- **EXERCISE AIM**: Once the line holding "Lilien-Zauber mit Gottlieber" is found, output it and all remaining lines of the data exactly, with every picture left out.

- **DATASET EXCERPT**:
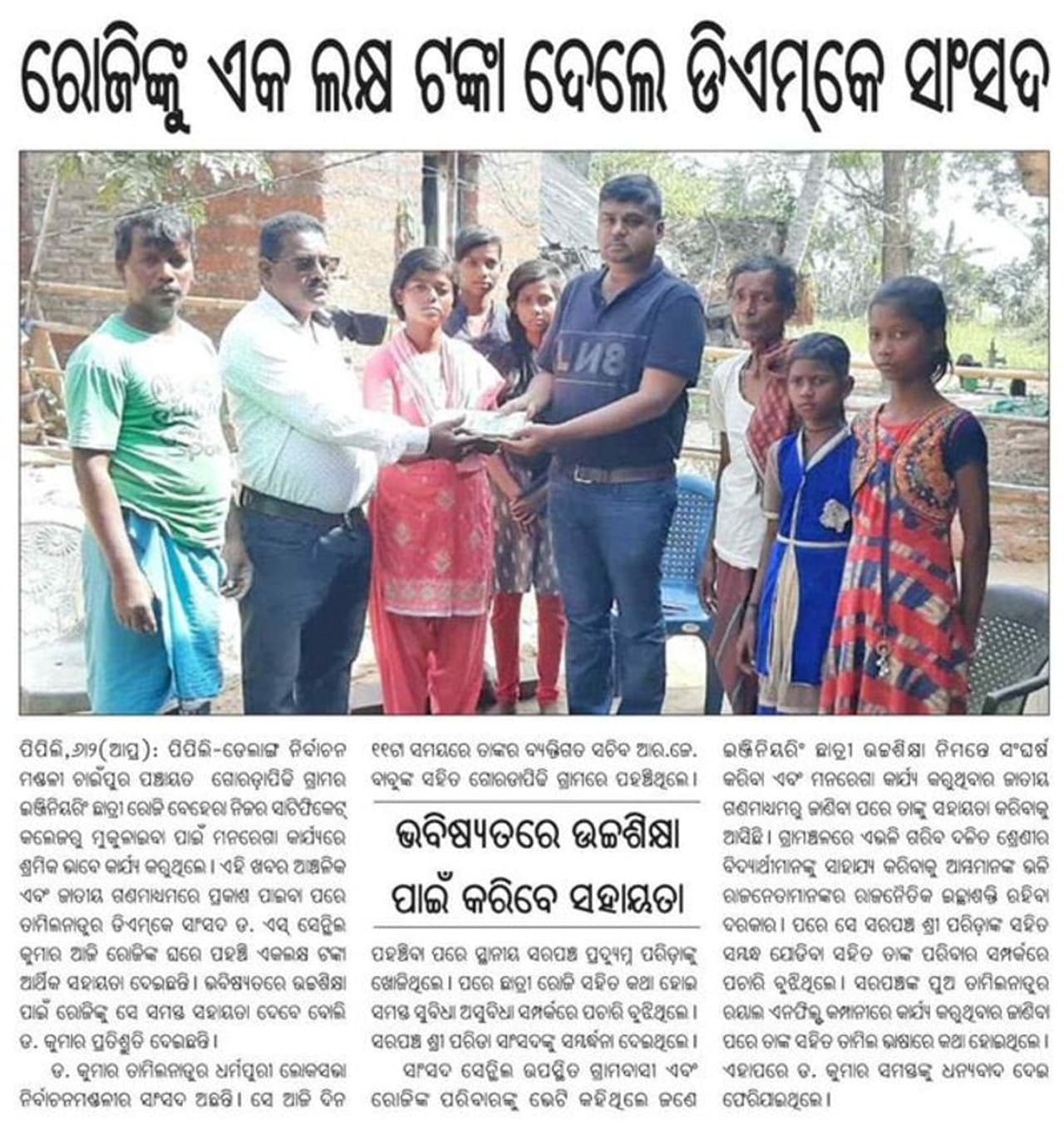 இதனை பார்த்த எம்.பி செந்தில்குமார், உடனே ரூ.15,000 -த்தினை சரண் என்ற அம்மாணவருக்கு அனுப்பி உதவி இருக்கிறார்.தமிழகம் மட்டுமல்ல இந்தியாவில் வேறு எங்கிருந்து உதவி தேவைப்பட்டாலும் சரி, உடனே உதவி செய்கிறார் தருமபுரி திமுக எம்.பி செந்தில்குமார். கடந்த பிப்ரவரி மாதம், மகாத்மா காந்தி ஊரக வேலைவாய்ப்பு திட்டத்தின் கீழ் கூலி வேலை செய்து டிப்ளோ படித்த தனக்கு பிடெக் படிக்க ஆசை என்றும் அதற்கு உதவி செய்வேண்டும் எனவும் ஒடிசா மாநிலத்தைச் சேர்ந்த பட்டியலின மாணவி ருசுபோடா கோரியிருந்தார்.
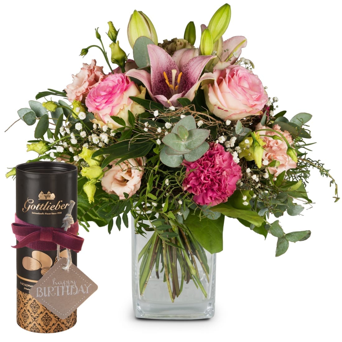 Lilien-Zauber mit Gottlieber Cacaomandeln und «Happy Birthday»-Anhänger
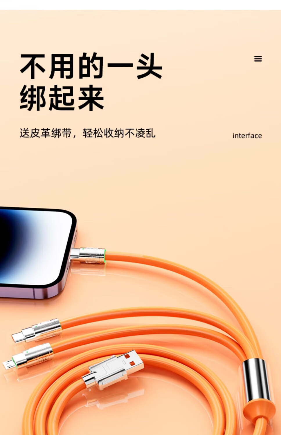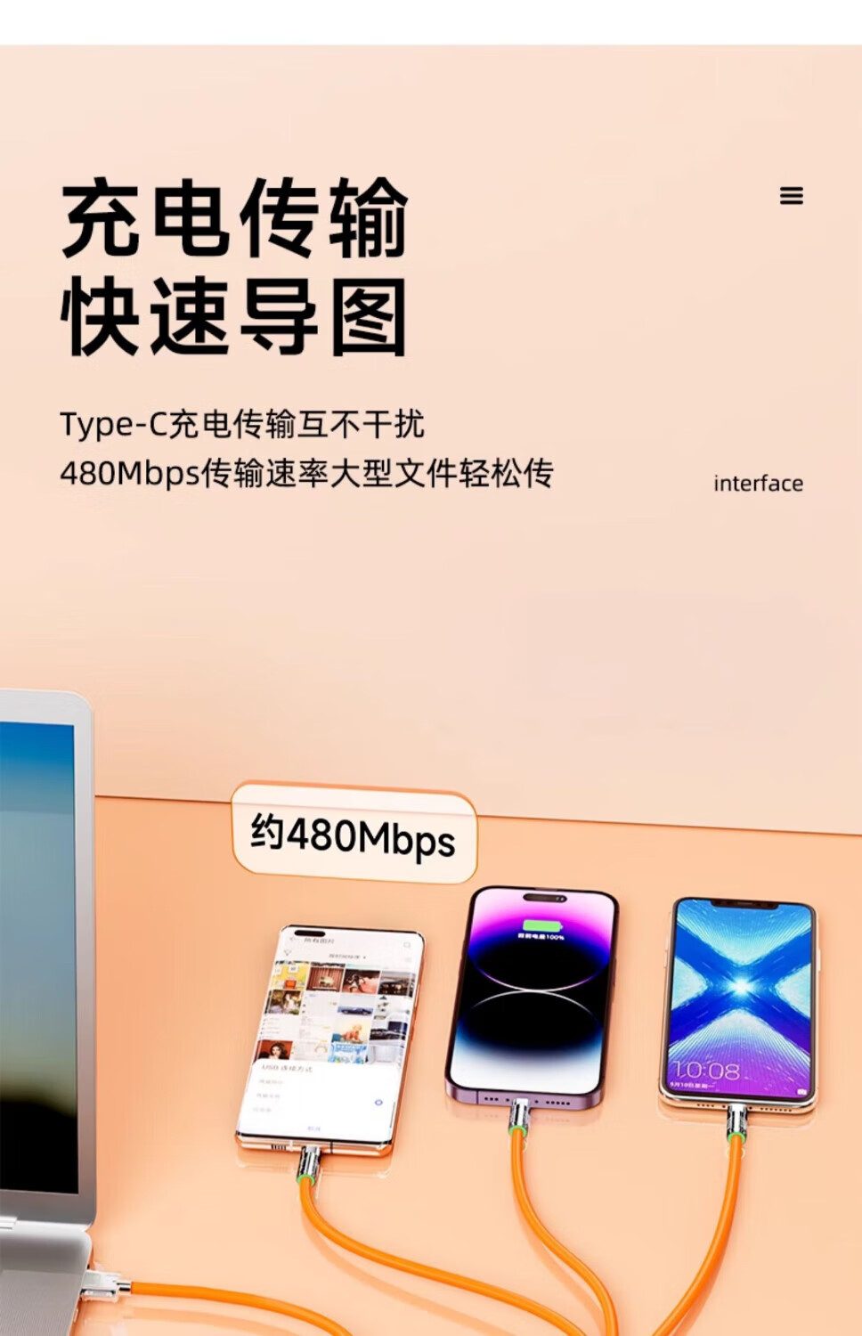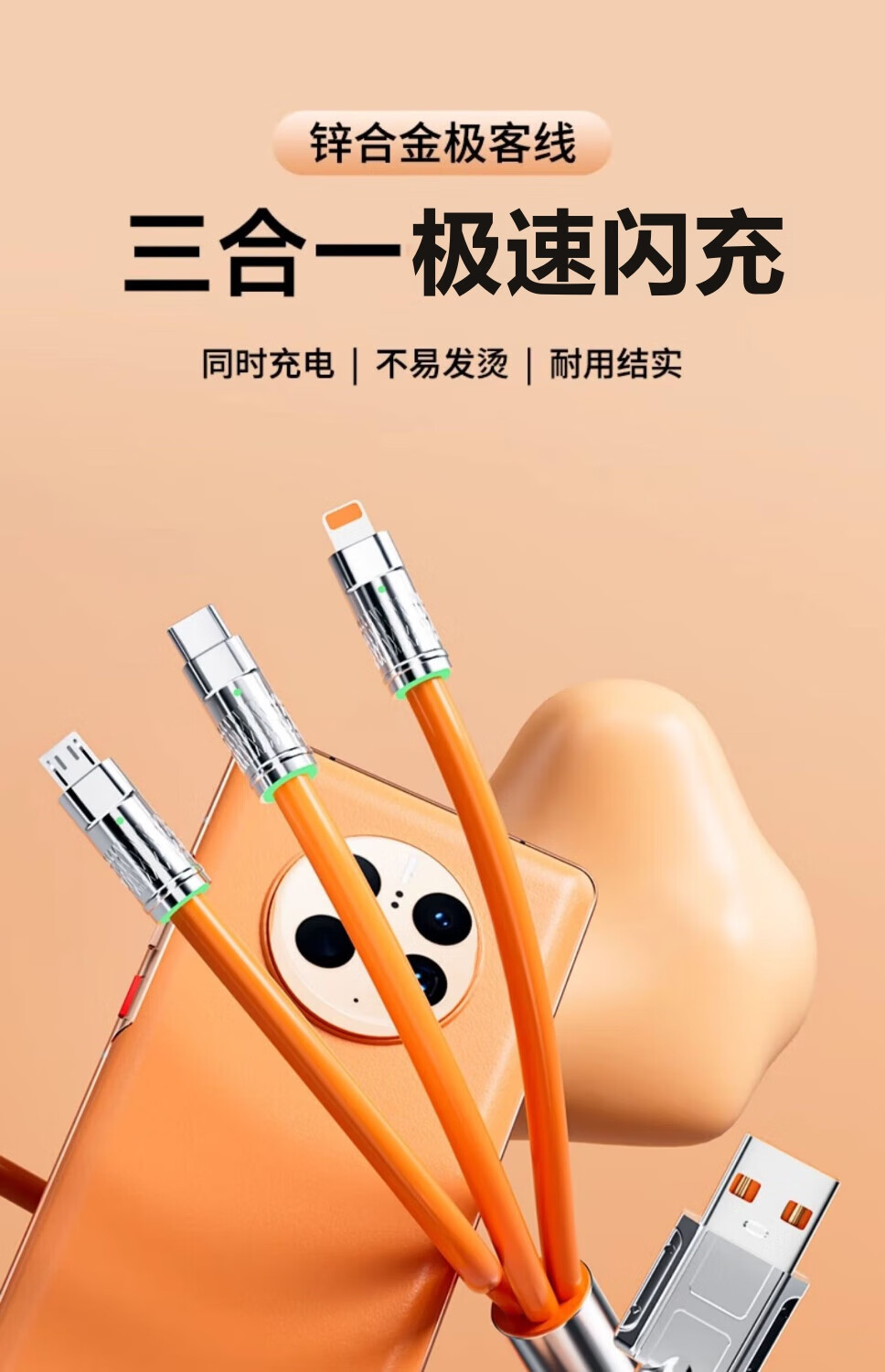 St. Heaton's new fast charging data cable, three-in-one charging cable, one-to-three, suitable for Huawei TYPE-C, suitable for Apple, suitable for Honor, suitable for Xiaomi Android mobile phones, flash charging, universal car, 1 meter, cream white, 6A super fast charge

- **THE ANSWER**:
 Lilien-Zauber mit Gottlieber Cacaomandeln und «Happy Birthday»-Anhänger
 St. Heaton's new fast charging data cable, three-in-one charging cable, one-to-three, suitable for Huawei TYPE-C, suitable for Apple, suitable for Honor, suitable for Xiaomi Android mobile phones, flash charging, universal car, 1 meter, cream white, 6A super fast charge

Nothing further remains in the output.